Jibu Elias, formerly of India’s AI initiative, notes that AI evolves faster than expected, making it hard to write about it definitively. He’s optimistic about AI’s role in healthcare and infrastructure but cautious about generative AI’s impact on jobs. His concern: the artists who inspired AI are being sidelined by the systems built on their work.
‘We’re Not Going to Be Able to Replace Editors’
At Juggernaut Books, founder Chiki Sarkar and her team are experimenting with AI for editorial tasks. AI helps generate subtitles and brainstorm book cover ideas, but real design work still requires human creativity. Sarkar sees AI as a useful line-editing tool—to tighten headlines and improve narrative style—but it can’t replace core editorial judgment.
She believes the publishing industry won’t see massive job losses due to AI anytime soon. AI’s output depends heavily on the quality of prompts, and essential editorial tasks like author relations and assessing manuscripts still need human insight.
Is AI a Disruptor Like Photoshop?
Digital anthropologist Payal Arora compares AI’s impact to that of Photoshop in the 1990s. Initially met with skepticism, Photoshop became a valuable tool without replacing photographers. Similarly, AI tools democratize creativity, enabling filmmakers from underrepresented backgrounds to create work that was once cost-prohibitive.
However, Arora notes that awareness of copyright infringement often comes with privilege—creatives protesting AI misuse usually have platforms and institutional backing. Historically, new technologies face fear before acceptance, and AI might follow the same pattern.
Writer Jerry Pinto is not threatened by AI. For him, AI is a tool for those who dislike writing emails or performing repetitive tasks. He enjoys writing and will continue to do so without AI assistance. He respects AI’s potential in fields like medicine but doubts it will replace human judgment entirely.
Figuring Out the Legalities
While regions like the European Union have introduced AI-specific laws, India relies on existing intellectual property laws to cover AI-generated content.
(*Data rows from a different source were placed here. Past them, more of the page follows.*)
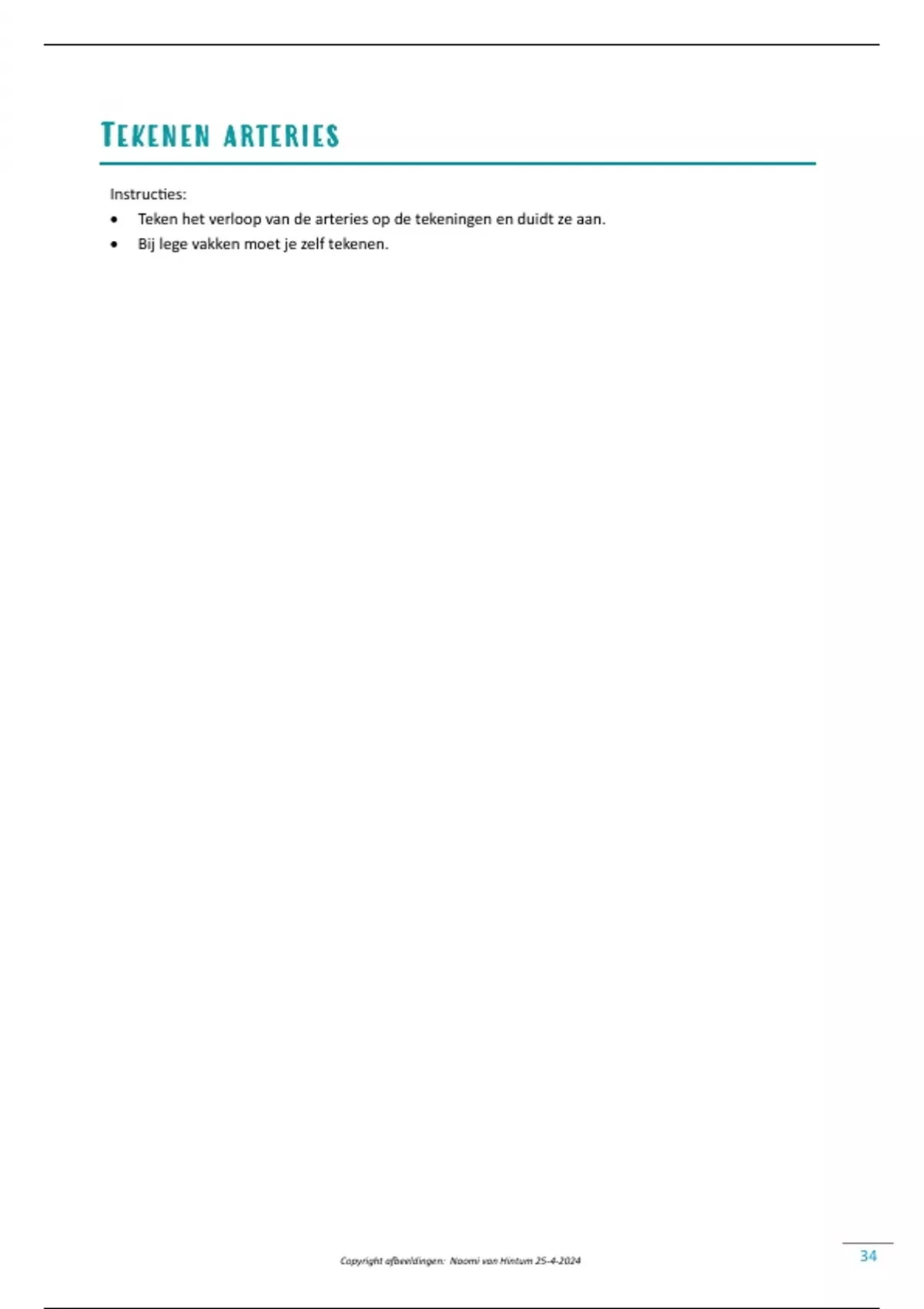 • Teken het verloop van de arteries op de tekeningen en duidt ze aan.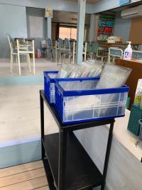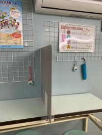 三密を避けるため、2人席に1人ずつ、交互に座るよ。集中してがんばるぞ!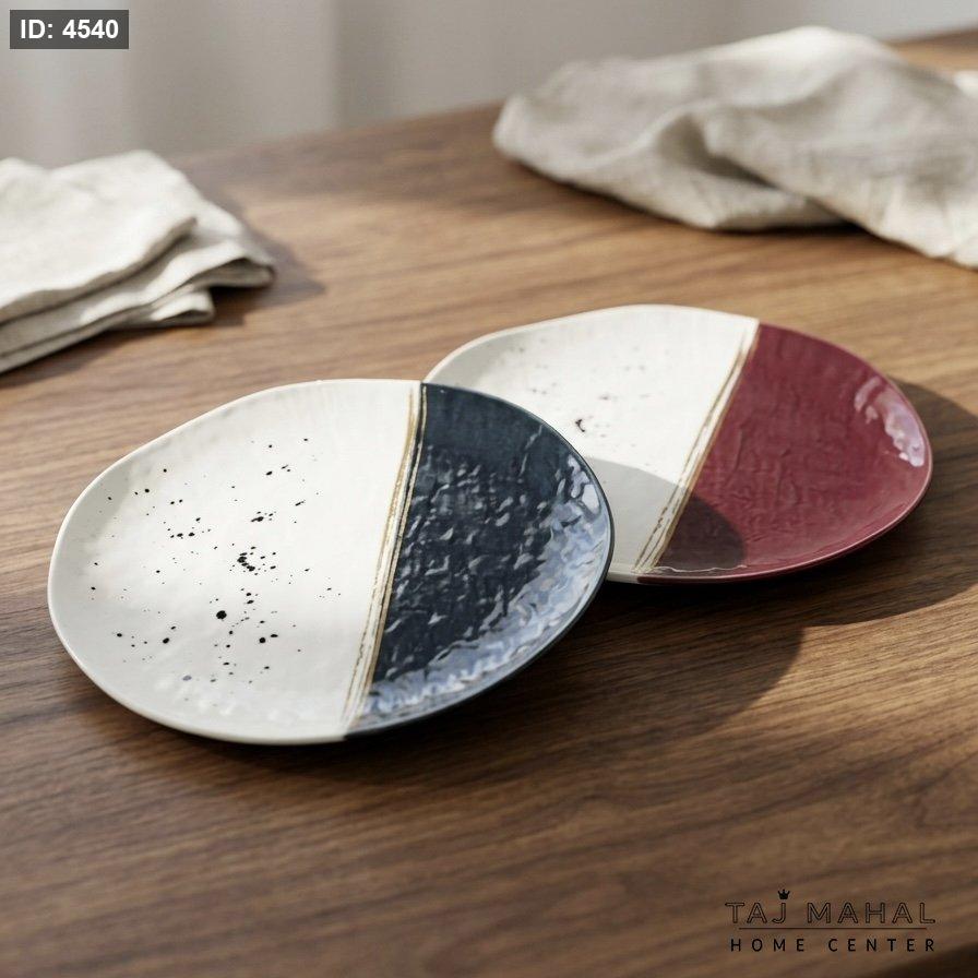 أضيفي لمسة فنية عصرية لمائدتك مع هذا الطقم الفريد الذي يدمج بين النمط المنقط الكلاسيكي والألوان السادة العميقة في تصميم "نصف ونصف" مبتكر.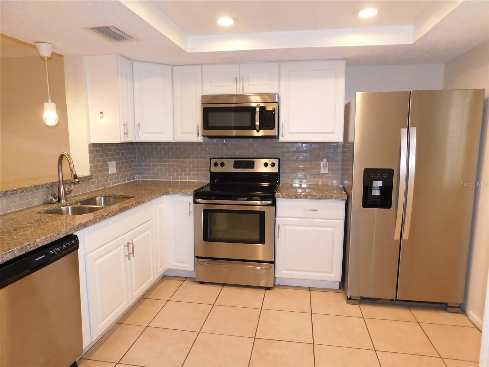 First-floor two-bedroom condo ideally located in the Countryside area, just north of Westfield Mall, tucked away within the quiet and well-maintained Casa del Sol community. A large tiled, screened-enclosed front porch welcomes you to the entrance foyer, which opens into a spacious living and dining area. The bright, open kitchen features granite countertops, tiled backsplash, stainless-steel appliances, a hidden wall-closet pantry, and a convenient pass-through window to the dining area.
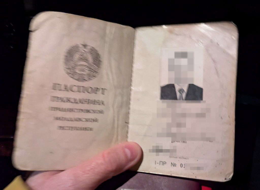 Transnistrien stellt eigene Pässe aus. An der Grenze erlaubte mir unser Fahrer, seinen zu fotografieren. Er machte sich über den Pass lustig: «Sieht aus wie jener der Sowjetunion». Das ist nicht so weit hergeholt: Bis 2001 stellte Transnistrien Pässe der Sowjetunion aus, bis endlich ein eigener Pass mit fast demselben Layout eingeführt wurde. Weit kommt man damit nicht: nur nach Moldova kann man reisen, früher auch in die Ukraine; vereinzelt gibt es Berichte von erfolgreichen Reisen nach Russland.

IP lawyer Pankhuri Upadhyay acknowledges India’s legal framework is strong but needs updates to address AI’s unique challenges.
For example, performer contracts often grant producers perpetual rights, which weren’t problematic before AI tools like Sora could generate entire performances using an actor’s likeness without consent or compensation. This raises new ethical and legal questions.
The legal landscape is unsettled, with ongoing lawsuits expected to clarify whether training AI on copyrighted material constitutes infringement. The United States Copyright Office has issued guidelines to help navigate these issues. This period could be an opportunity to rethink intellectual property systems, with emerging ideas like using blockchain to track creative ownership. Ironically, AI itself may become a tool to protect creative rights across various media.